ACTION ITEM — The answer should hold only the lines from the one containing "Cât de puţin" through the one containing "전년 대비 소폭 하락" in the entries below, copied exactly, without pictures.

AVAILABLE RECORDS —
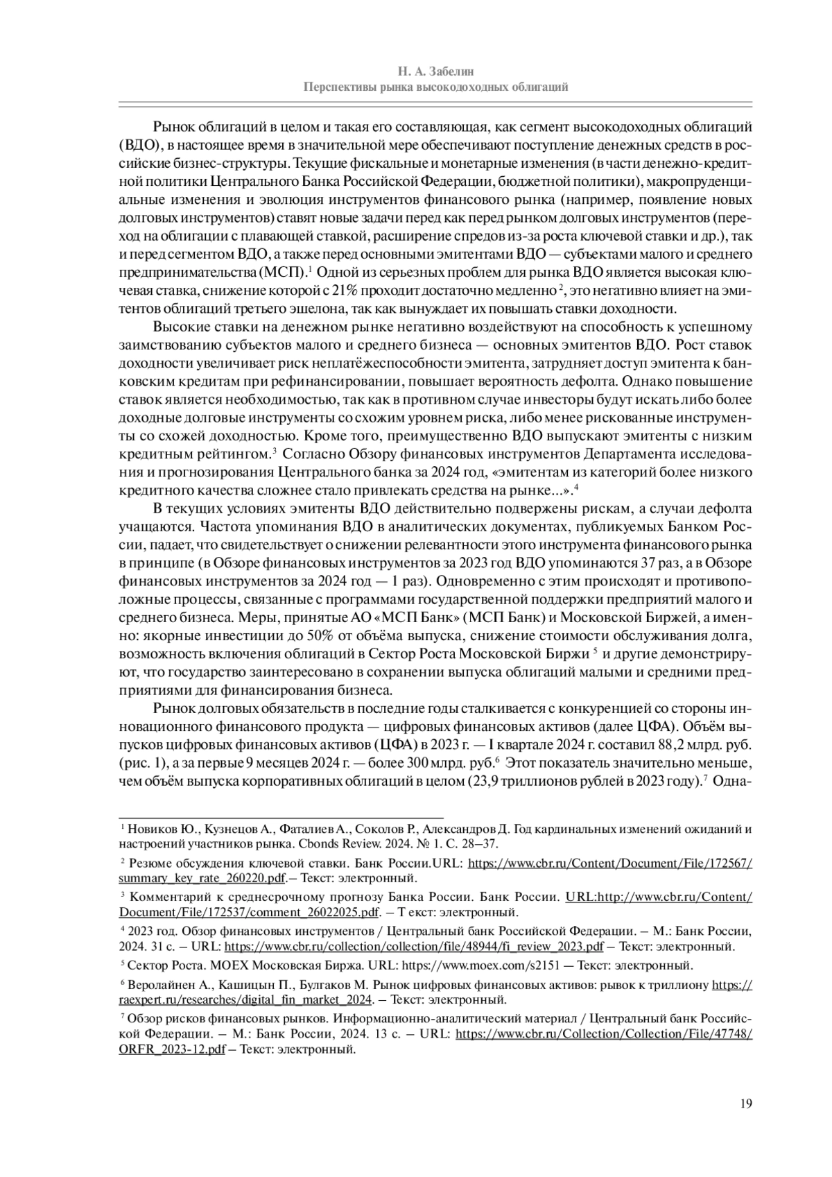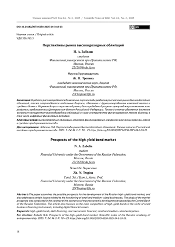 В работе рассматриваются возможные перспективы развития российского рынка высокодоходных облигаций, также затрагиваются отдельные вопросы, связанные с функционированием компаний малого и среднего бизнеса. Изучение вопроса перспектив рынка, было проведено в разрезе сценариев макроэкономического развития, предложенных Центральным банком Российской Федерации. Также в статье уделяется внимание основным конкурентам высокодоходных облигаций в нише инструментов финансирования малого бизнеса, в том числе цифровым финансовым активам.
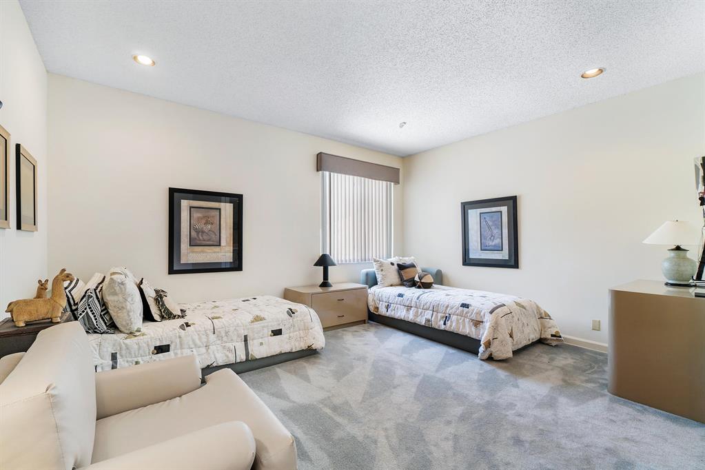 A spacious home with lots of opportunity awaits. Tree-lined with a tropical setting, this property is private yet situated on a golf course parcel as the backdrop. The oversized patio is perfect for entertaining while the screened-in room provides an excellent outdoor living space for relaxing. Offering an ideal floorplan with a large master bedroom suite on the main level that includes two separate master bathrooms and oversized walk-in closets. Another guest bedroom on the main level dually serves as a library/den. Eye-catching sun filled rooms add to the beauty of this home's impactful and voluminous design. On the upper level, you will find three large guest bedrooms, all en-suite with generous walk-in closets. Located in one of the nation's top ranked Country Club communities,
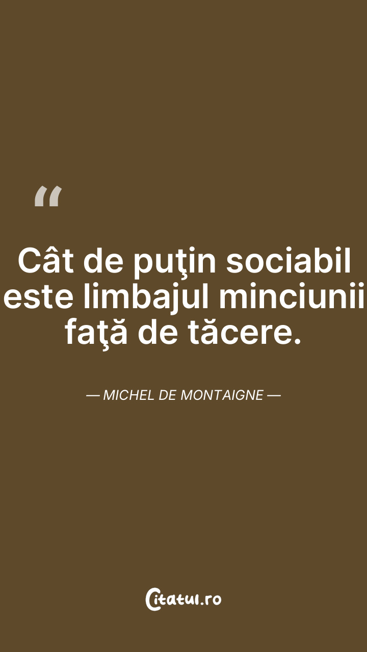 Cât de puţin sociabil este limbajul minciunii faţă de tăcere. Michel de Montaigne
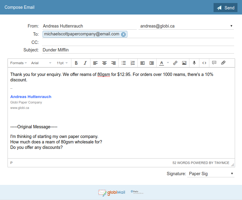 I'm sure we've all seen email chains get very long. Notice how GlobiMail tries to prevent clutter in your Podio Workspace by removing signatures and any historical details of your email message.
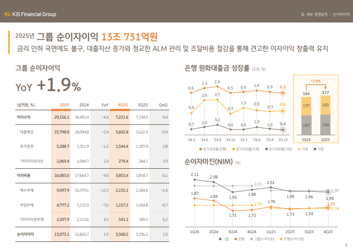 • 2025년 연간 그룹 NIM 1.97%, 은행 NIM 1.74%, 전년 대비 소폭 하락
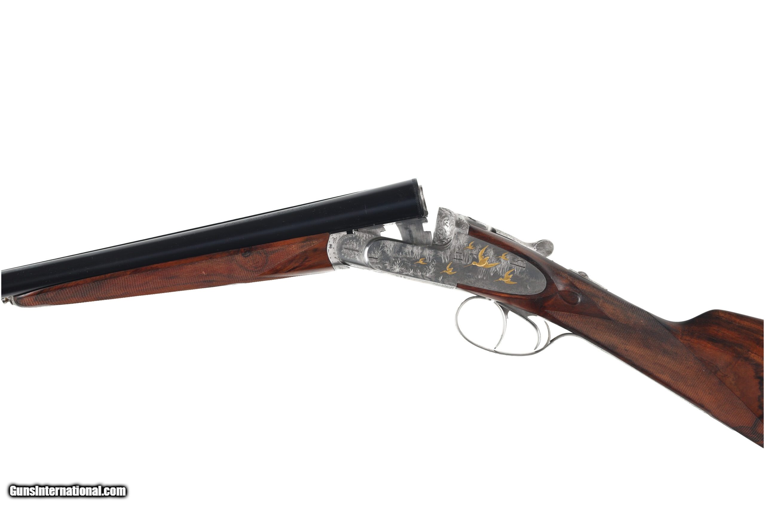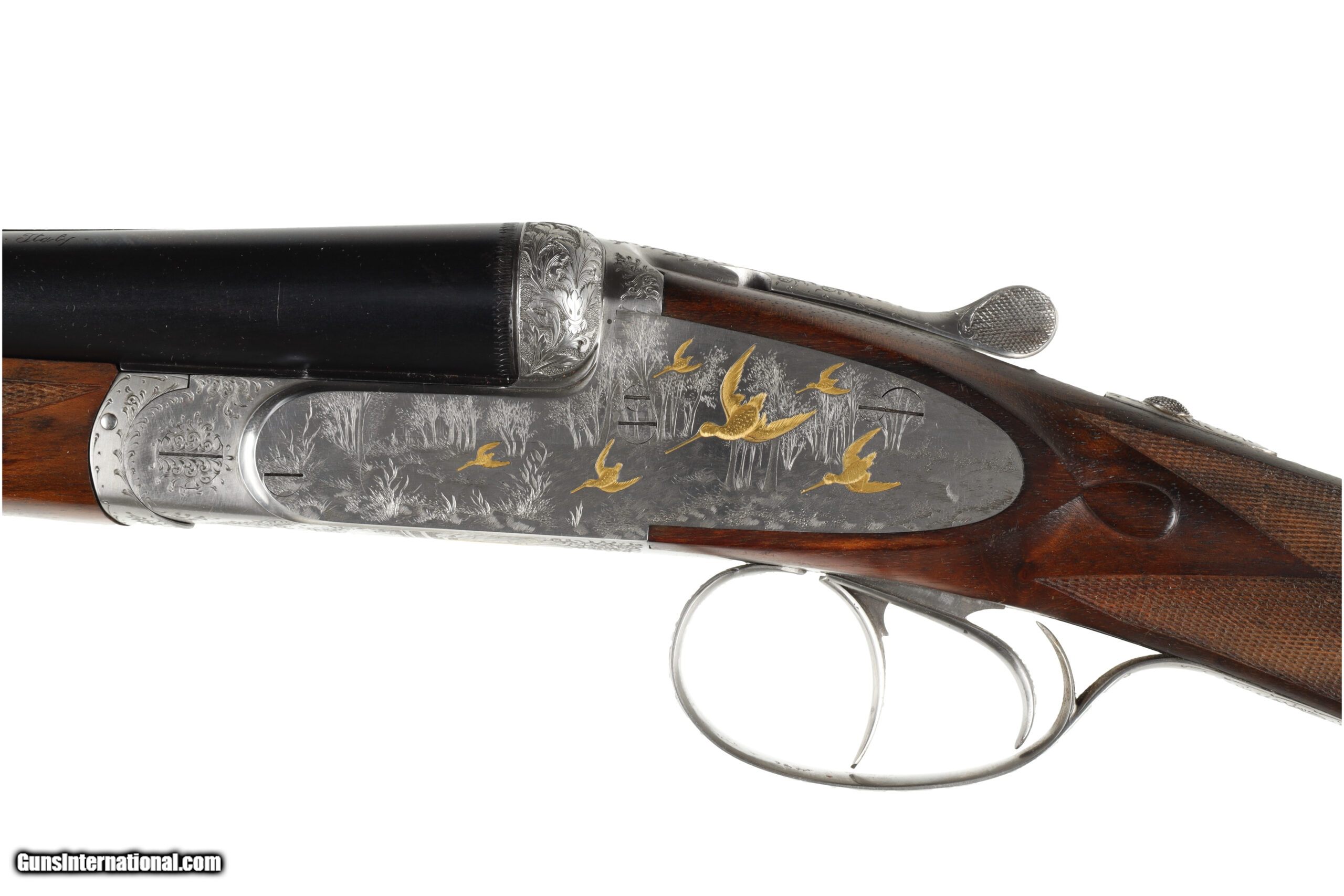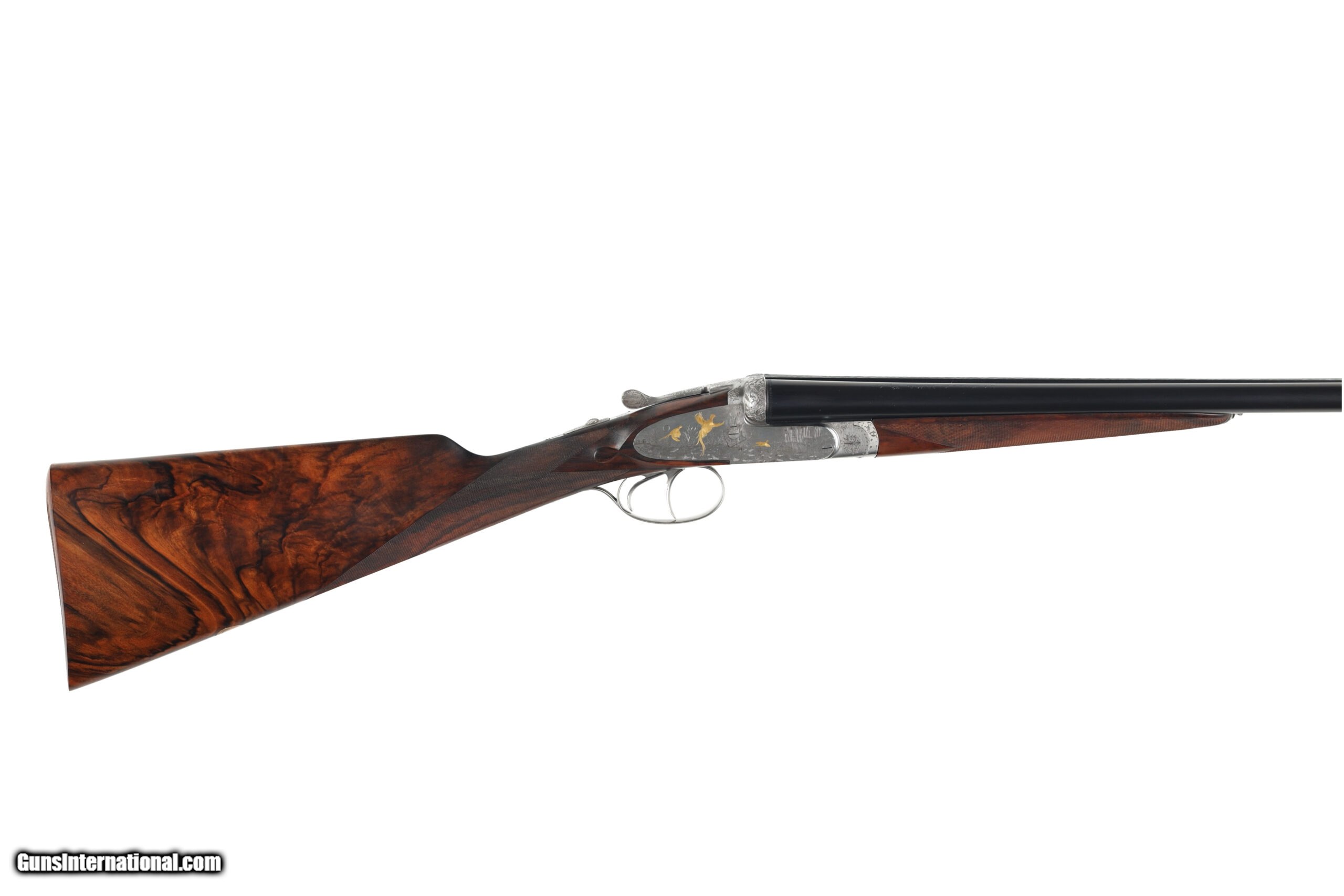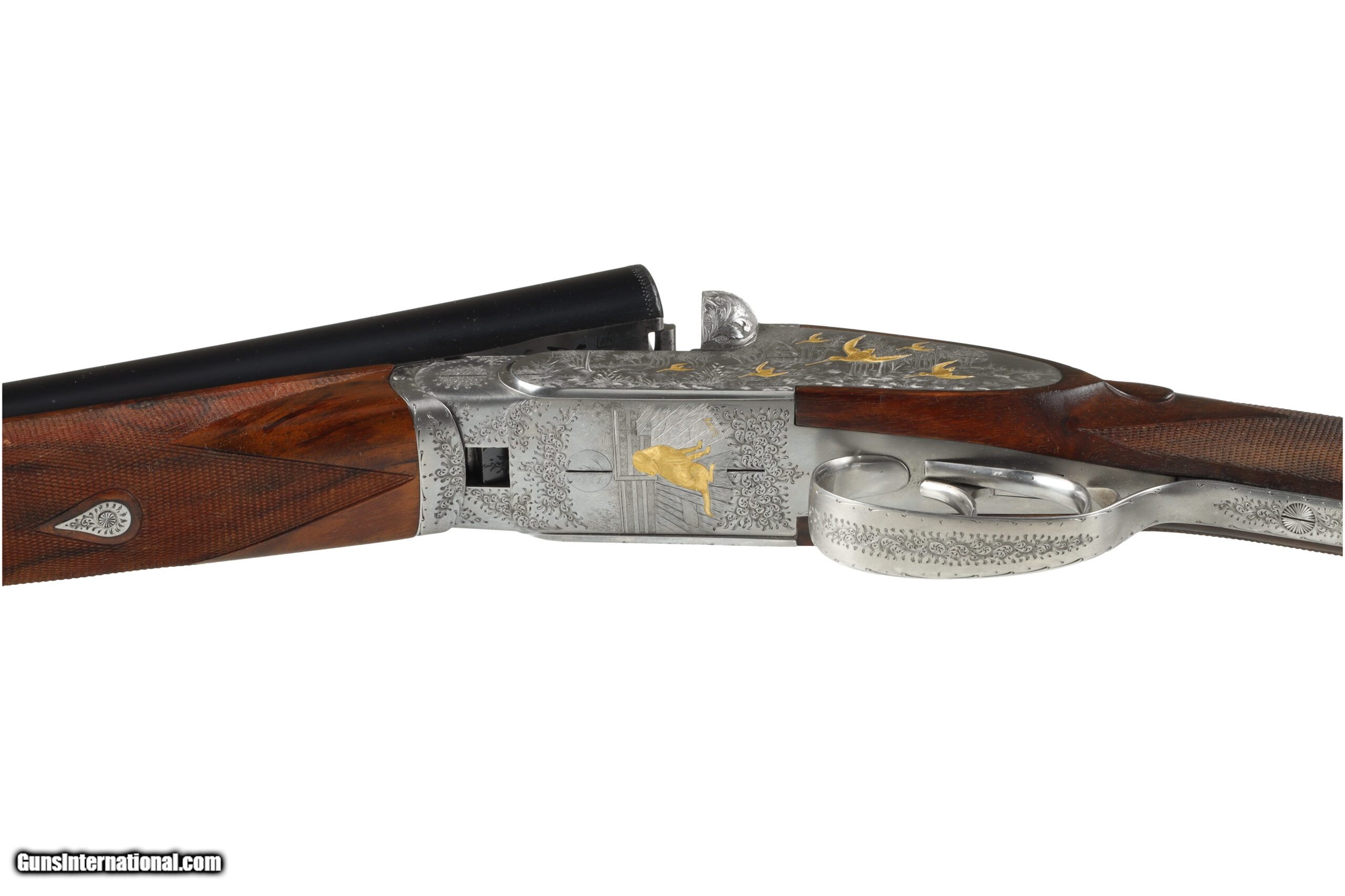 Description: Libero Ferraglio or Ferlib, is an Italian Gunmaker who gas been quietly making excellent quality firearms for many years. This custom side by side made in 1985 is in immaculate condition, and bears all of the hallmarks if fine Italian craftsmanship. Fitted with figured walnut stocks and with a receiver covered in fine game scene engravings and gold inlay, this firearm is truly a sight to behold. Manufactured in: Italy Hand: Right Hand Action Finish: Engraved Metal Finish: Original Barrel Length: 25 Inches Barrel Condition: Very Good Stock Finish: Original Stock Condition: Excellent Type of Butt: Checkered Wood Grip: Straight Grip Forend: Checkered Splinter Cast Amount: 1/2" SOLD Manufacturer: Ferlib Model: Side by Side Chambers: 2 3/4 Ejectors: Yes Condition: Preowned Metal Condition: Excellent Action: Side by Side Triggers: Front Articulated Double Gauge Info: 20 Gauge Stock Comb: 1 3/8 Stock Heel: 2 Stock Cast: Off Fore End: Checkered Splinter LOP: 14 1/4 Rib: Matte Finish: Original Weight: 5.6 lbs Manufacture Date: 1985 Chokes: LM/M Case: Leather Luggage |
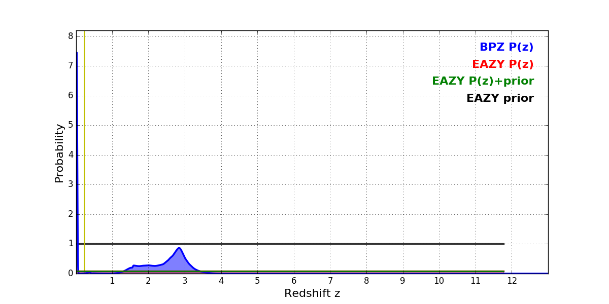 In P(z) plots: Yellow lines mark the cluster redshift z = 0.228,
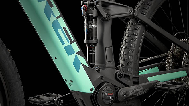 Trek’in elektrikli dağ bisikletlerinde Tur modu yerine özel bir eMTB Lite modu bulunuyor. Bu özellik kullanıcılara daha doğal güç iletimi ve daha uzun bir pil ömrü sağlıyor. Akıllı eMBT modu ise destek miktarını araziye göre otomatik olarak ayarlayabiliyor. Bisiklette bununla birlikte Aktif Fren Pivotu özelliği de yer alıyor. Bu özellik daha güvenli kontrole yardımcı oluyor. Kadroya destek veren Knock Block özelliği ise bir çarpışma anında gidonun dönmesini engelliyor.
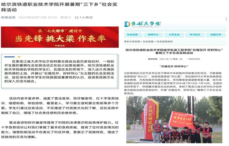在黑龙江省大庆市杜尔伯特蒙古族自治县巴彦他拉村,一场别开生面的暑期社会实践活动正在如火如荼地展开。城轨学院团总支书记翟吉辉的带领同学们,深入这片充满民族风情的土地,开展以“石榴花开,籽籽同心”为主题的社会实践活动,旨在深化青年学生对民族团结重要性的认识,促进各民族文化的深入交流与融合。
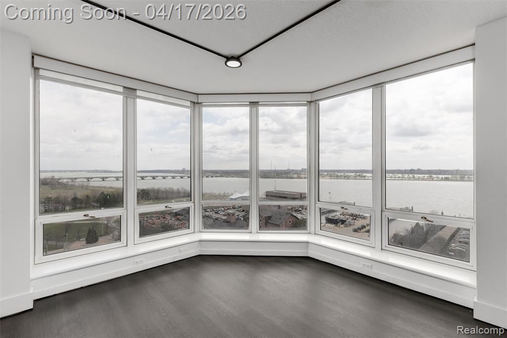 Wake up on the 12th floor to unobstructed views of Belle Isle and the Detroit River. This stunning 2-bedroom, 2-bath condo in Harbortown delivers 1,215 sq ft of open-concept living with a modern industrial edge — exposed concrete columns, sleek track lighting, and dark-toned finishes throughout. The kitchen is built for entertaining, featuring granite countertops, custom dark cabinetry with frosted glass inserts, a decorative tile backsplash, stainless steel appliances, and a gas range. New luxury vinyl tile flooring (2023) flows seamlessly through the kitchen, dining, and living areas, where new ceiling lights keep the space bright and inviting — a standout detail on dark Michigan evenings when many neighboring units feel dim. Both bathrooms are spa-worthy retreats with heated floors, vessel sinks, and walk-in showers. The primary bath showcases floor-to-ceiling glass subway tile, a pebble-stone shower floor with built-in bench, and a granite vanity. The second bath features natural stone tile and a generously sized walk-in shower. New ceiling fans in both bedrooms and a new thermostat round out the recent upgrades, along with energy bills that rarely exceed $30/month. The Harbortown lifestyle extends well beyond your front door — enjoy the community pool, clubhouse, tennis courts, and riverfront walking paths just steps away, with Belle Isle only a one-mile stroll. The building offers secure mail, private basement storage, in-unit laundry, and available covered garage parking. HOA includes gas, water, and 24-hour security. This is riverfront living at its finest — schedule your private showing today.

ANSWER SECTION —
 Cât de puţin sociabil este limbajul minciunii faţă de tăcere. Michel de Montaigne
 I'm sure we've all seen email chains get very long. Notice how GlobiMail tries to prevent clutter in your Podio Workspace by removing signatures and any historical details of your email message.
 • 2025년 연간 그룹 NIM 1.97%, 은행 NIM 1.74%, 전년 대비 소폭 하락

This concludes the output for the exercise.